The data definition was extended with comments, you you can use the following as is:

# normal 64 byte lines with 3 digit value split across lines
00100200300400500600700800901001101201301401501601701801902002105
22023024025026027028029030031032033034035036037038039040041042046
# short lines, partial values - remove checksum digit to combine short lines
30449
0451
0460479
0480490500510520530540550560570580590600610620630641
# long line with embedded checksums every 64 bytes
001002003004005006007008009010011012013014015016017018019020021052202302402502602702802903003103203303403503603703803904004104204630440450460470480490500510520530540550560570580590600610620630640
# dangling digit at end of file (with OK checksum)
37

Why are you concerned with copying? Is it the time overhead or the space overhead?

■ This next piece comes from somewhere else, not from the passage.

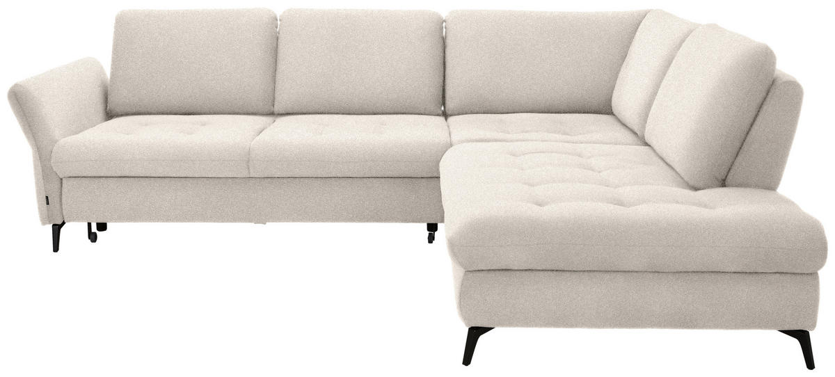 Gönnen Sie sich mit diesem cremefarbenen Ecksofa mit Bouclé-Bezug ein famoses Upgrade für Ihr geliebtes Heim!

It sounds like you are reading all of the unparsed data into a big buffer, and now you want to write code that makes the big buffer of unparsed data look like a slightly smaller buffer of parsed data (the data minus the checksums and linefeeds), to avoid the space overhead involved in copying it into the slightly smaller buffer.

Adding a complicated layer of abstraction isn't going to help with the time overhead unless you only need a small portion of the data. And if that's the case, maybe you could just figure out which small portion you need, and copy that. (Then again, most of the abstraction layer may be already written for you, e.g. the Boost iterator library.)

An easier way to reduce the space overhead is to read the data in smaller chunks (or a line at a time), and parse it as you go. Then you only need to store the parsed version in a big buffer. (This assumes you're reading it from a file / socket / port, rather than being passed a large buffer that is not under your control.)

Another way to reduce the space overhead is to overwrite the data in place as you parse it. You will incur the cost of copying it, but you will only need one buffer. (This assumes that the 64-byte data doesn't grow when you parse it, i.e. it is not compressed.)